My friend “D” has a 31 year old daughter who is profoundly mentally and physically disabled. She has lived at home with her mother and brother since her late teens. She is cared for at home 24 hours 7 days a week by a care agency, with 3 days a week spent at a day centre. The family house is fully adapted to her needs. The care package was originally put together by the local authority, however a few years ago was transferred to a “health” package rather than a “care” package. Notwithstanding, the level of care from the agency and day centre has remained consistent through the years.
D received the below letter in June and subsequently received phone calls asking her questions about her daughters health and capabilities. D is a lovely, caring and remarkable person. However, she falls into Martin Lewis’ 10% or people who are not up to coping well with the modern world.

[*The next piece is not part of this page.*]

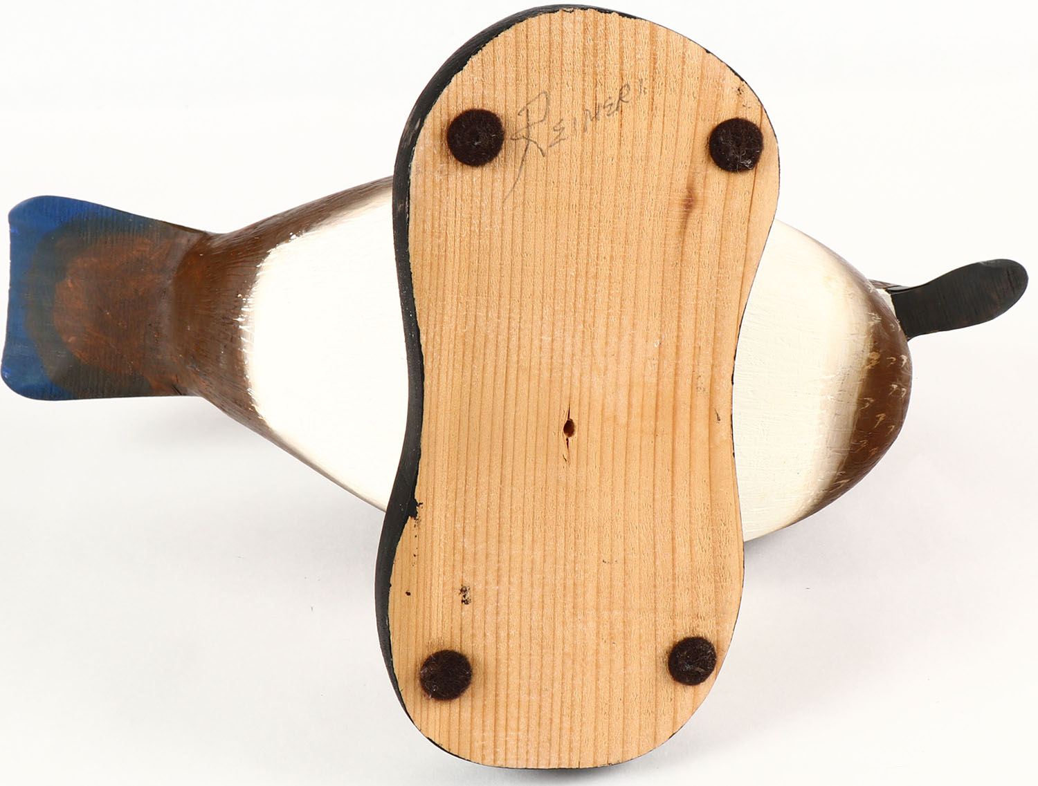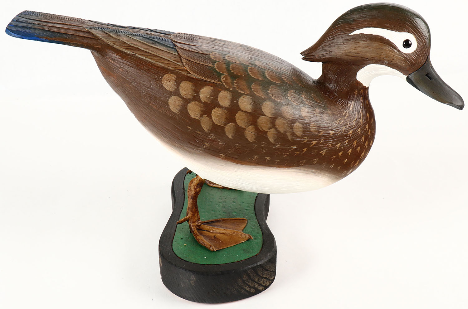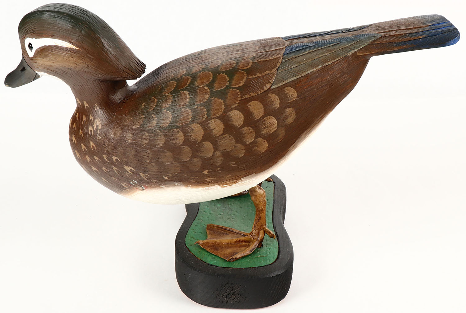 Woodduck Hen by unknown maker, GE solid wood, mint original paint, on stand, 14'' OAL. Grade: MINT - Value: 20 to 50

Today I happened to be with D when she received another phone call from the letter writer and she asked me to take the call. The call was to confirm that all had now been completed and that today a Deprivation of Liberty Order was being sought from the Court of Protection.
I am concerned that such an Order is being sought behind the back of her mother and would question whether such an order is appropriate. On the other hand, it may be something which is entirely normal and required so that the CCG (or it's replacement) can continue to fund care. D is concerned that it may be a prelude to making changes to the care arrangements currently in place.
Does anyone have more knowledge?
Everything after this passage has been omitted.